**Data for analysis**
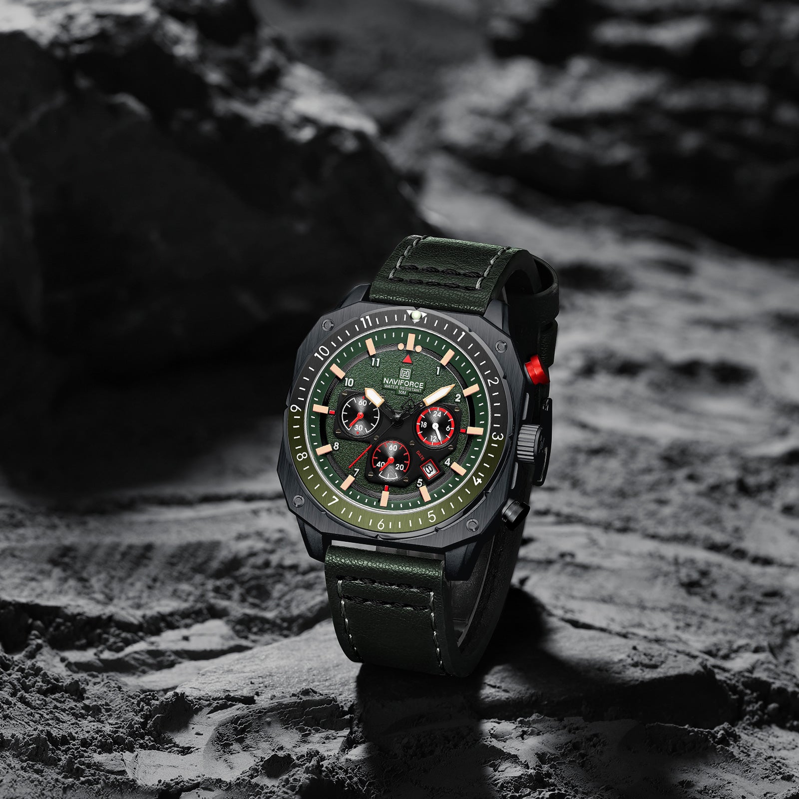 Naviforce NF8057 Green Leather Strap Analog Watch
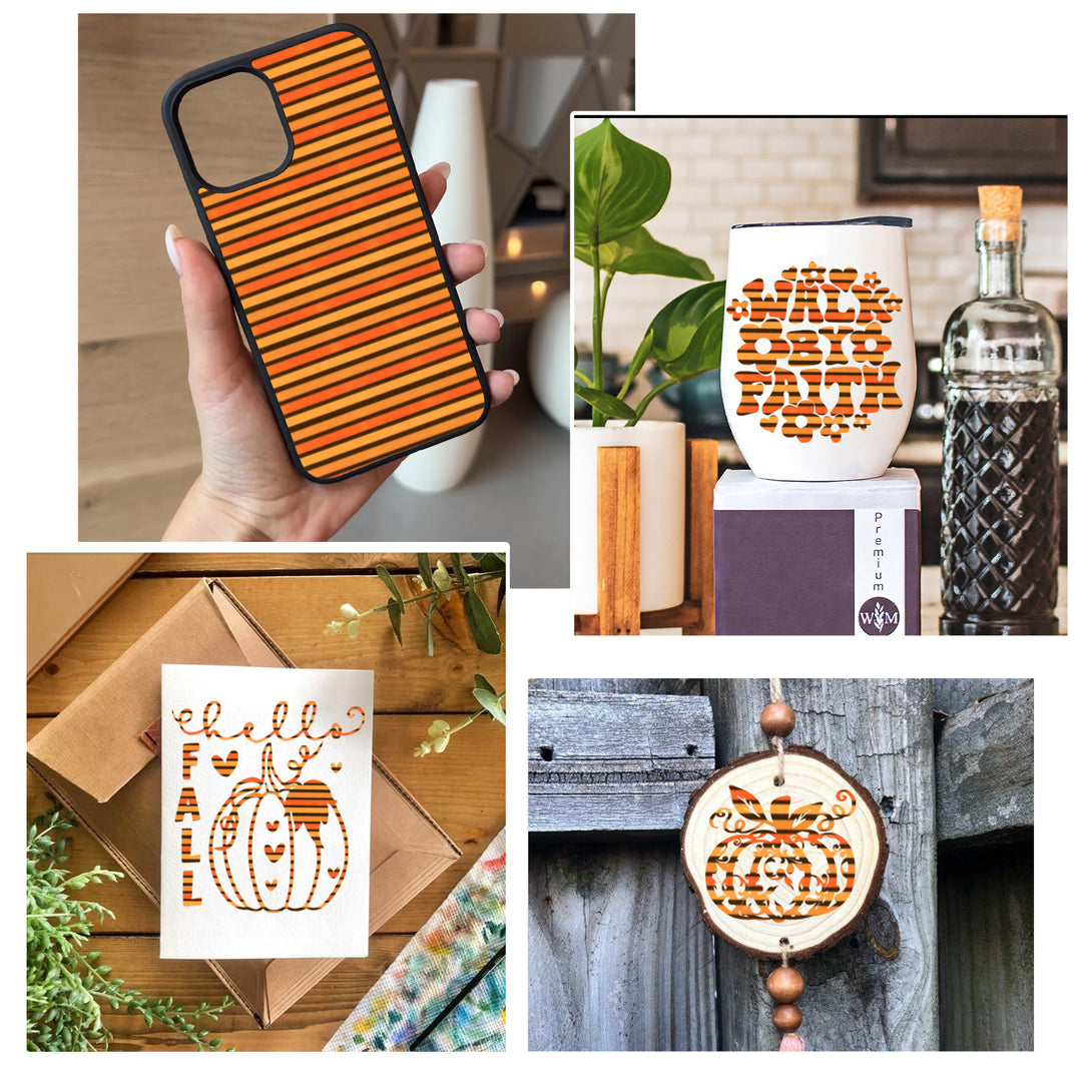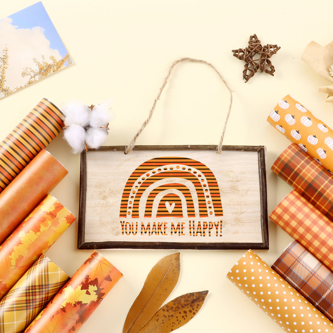 Tintnut Fall Permanent Vinyl,Orange Autumn Pattern Permanent Adhesive Vinyl Compatible with Cricut Machine, Thanksgiving Patterned Vinyl Sheets for Decor Sticker
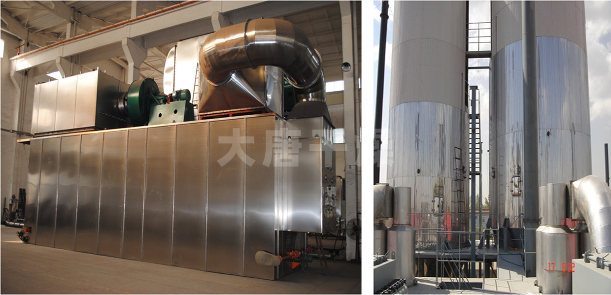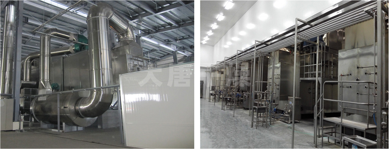 而对于卧式干燥机,对物料的雾化、热风脱水干燥、低速循环刮板粉末输送、排风布袋除尘、出粉等一系列工艺过程都在同一个紧凑的干燥箱体内连续完成,使得设备占地面积小,而高度,比如对于1900公斤/小时的卧式干燥机点只有12米。另外,对于设备内部清洗,在卧式干燥机箱体内工作是安全和容易的,只需要一台高压清洗机,工人站立着轻松操作;而在巨大的立式干燥塔内部清洗,距地面十多米甚至更高,安全性和难易程度是显而易见的。
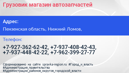 Грузовик, магазин автозапчастей по адресу Пензенская область, Нижний Ломов, в дальнейшем Организация, размещена в следующих категориях:
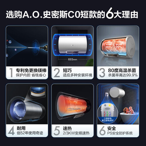 采用3000W变频速热大功率,结合双重抑菌保护,大幅提升热效率的同时呵护沐浴健康。专利免更换镁棒,耐用又省心。
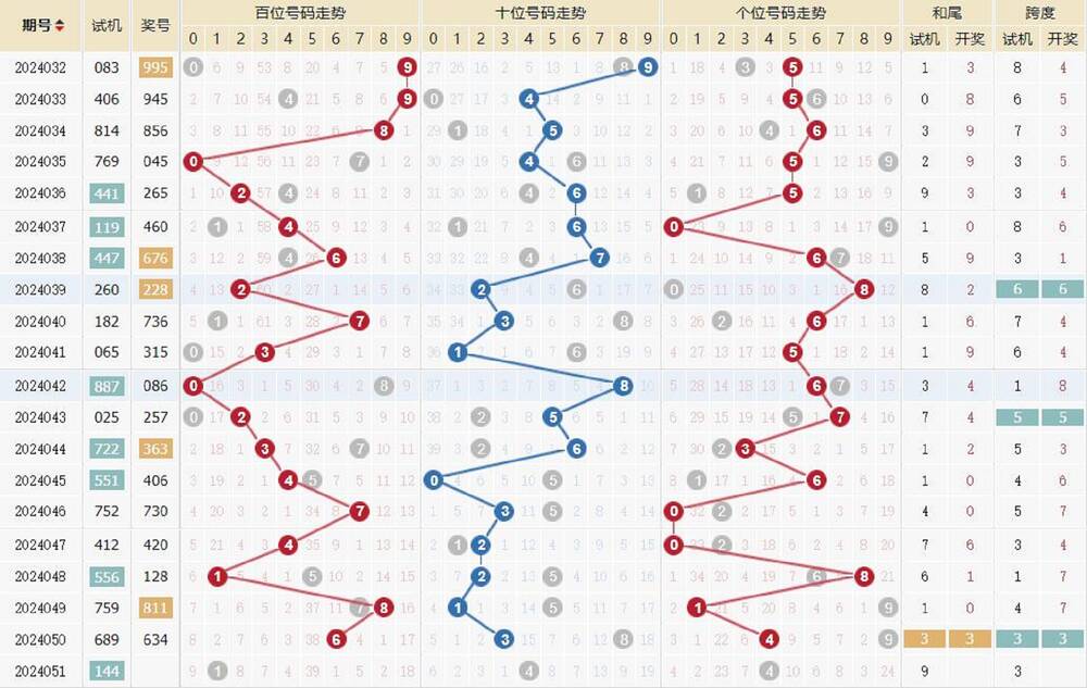 期数 | 试机号 | 关注码 | 金码 | 对应码 | 开奖号 | 出号 |

**Work instruction**
Produce a verbatim copy of every entry, excluding pictures.

**Written response**
 Naviforce NF8057 Green Leather Strap Analog Watch
 Tintnut Fall Permanent Vinyl,Orange Autumn Pattern Permanent Adhesive Vinyl Compatible with Cricut Machine, Thanksgiving Patterned Vinyl Sheets for Decor Sticker
 而对于卧式干燥机,对物料的雾化、热风脱水干燥、低速循环刮板粉末输送、排风布袋除尘、出粉等一系列工艺过程都在同一个紧凑的干燥箱体内连续完成,使得设备占地面积小,而高度,比如对于1900公斤/小时的卧式干燥机点只有12米。另外,对于设备内部清洗,在卧式干燥机箱体内工作是安全和容易的,只需要一台高压清洗机,工人站立着轻松操作;而在巨大的立式干燥塔内部清洗,距地面十多米甚至更高,安全性和难易程度是显而易见的。
 Грузовик, магазин автозапчастей по адресу Пензенская область, Нижний Ломов, в дальнейшем Организация, размещена в следующих категориях:
 采用3000W变频速热大功率,结合双重抑菌保护,大幅提升热效率的同时呵护沐浴健康。专利免更换镁棒,耐用又省心。
 期数 | 试机号 | 关注码 | 金码 | 对应码 | 开奖号 | 出号 |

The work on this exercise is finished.